In both cases, we could be in the presence of **Missing at Random** value (The fact that the value is missing has nothing to do with the hypothetical value) or **Missing not at Random** value (The missing value depends on the hypothetical value). If it was the first one, we could drop the `NaN` value safely, while in the last case it would not be safe to drop it because this missing value tell us something about the hypothetical value. So we will then impute the values of the missing value once we are about to train our model.

In [66]:
hepatitis_data.isnull().sum()

AGE                 0
SEX                 0
STEROID             1
ANTIVIRALS          0
FATIGUE             1
MALAISE             1
ANOREXIA            1
LIVER_BIG          10
LIVER_FIRM         11
SPLEEN_PALPABLE     5
SPIDERS             5
ASCITES             5
VARICES             5
BILIRUBIN           6
ALK_PHOSPHATE      29
SGOT                4
ALBUMIN            16
PROTIME            67
HISTOLOGY           0
Class               0
dtype: int64

**Training and Test datasets**

In order to train and test our model, we need to split our dataset into to subdatasets, the training and the test dataset. The model will learn from the training dataset to generalize to other data; the test dataset will be used to "test" what the model learnt in the training and fitting step. 
It is common to use the rule of 80%-20% to split the original dataset. It is important to use a reliable method to split the dataset to avoid data leakage; this is the presence in the test set of examples that were also in the training set. 
First, we will assign all the columns except our dependant variable ("Class") to the variable X and the column "Class" to the variable Y.
And then we will `train_test_split` from the scikit-learn library to split them into X_train, X_test, Y_train and Y_test.
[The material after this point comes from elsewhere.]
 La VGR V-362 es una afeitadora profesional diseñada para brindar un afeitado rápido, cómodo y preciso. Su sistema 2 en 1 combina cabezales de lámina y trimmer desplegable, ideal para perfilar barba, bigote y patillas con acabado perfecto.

It is important to add `random_state` because this will allow us to have the same results every time we run the code. 

In [67]:
x = hepatitis_data.iloc[:, hepatitis_data.columns != 'Class']
y = hepatitis_data.iloc[:, hepatitis_data.columns == 'Class']

In [68]:
X_train, X_test, Y_train, Y_test = train_test_split(x, y, test_size = 0.2, 
                                                    random_state = 42)

** Training Random Forest **

It is very easy now to impute missing values (using Imputer), create and train the basic random forest model using the package Scikit-learn.
We will start by apply .ravel() to the Y_train and Y_test to flatten our array as not doing so will rise warnings from our model. 

In [69]:
Y_train = Y_train.values.ravel()
Y_test = Y_test.values.ravel()

Then, we will impute our missing values using the function `Imputer` and the strategy `most_frequent` that will replace the missing values for the most frequent value in the column (axis = 0). It is worthy to notice that doing so can introduce errors and bias, but of course as we state before there is no perfect way to handle missing data.

In [70]:
imp = Imputer(missing_values = 'NaN', strategy = "most_frequent", axis = 0)
imp = imp.fit(X_train)

X_train_imp = imp.transform(X_train)

fit_random_forest = RandomForestClassifier(random_state = 42)
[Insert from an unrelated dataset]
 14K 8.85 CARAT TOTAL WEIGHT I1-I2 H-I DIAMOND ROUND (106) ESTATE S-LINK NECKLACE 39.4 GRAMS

fit_random_forest.fit(X_train_imp, Y_train);


Our basic model has now been trained and has learnt the relationship between our independent variables and the target variable. Now, we can check how good our model is by making predictions on the test set. We can then compare the prediction with our known labels.

We will again impute the missing values in our test set and use the function `predict` and the metrics `accuracy_score` to evaluate the performance of our model.

In [73]:
X_test_imp = imp.transform(X_test)

y_predicted = fit_random_forest.predict(X_test_imp)

In [74]:
accuracy_score(Y_test, y_predicted)

0.74193548387096775

As we can observe above, our basic model has an accuracy of 74.19% which tell us that it has to be further improved.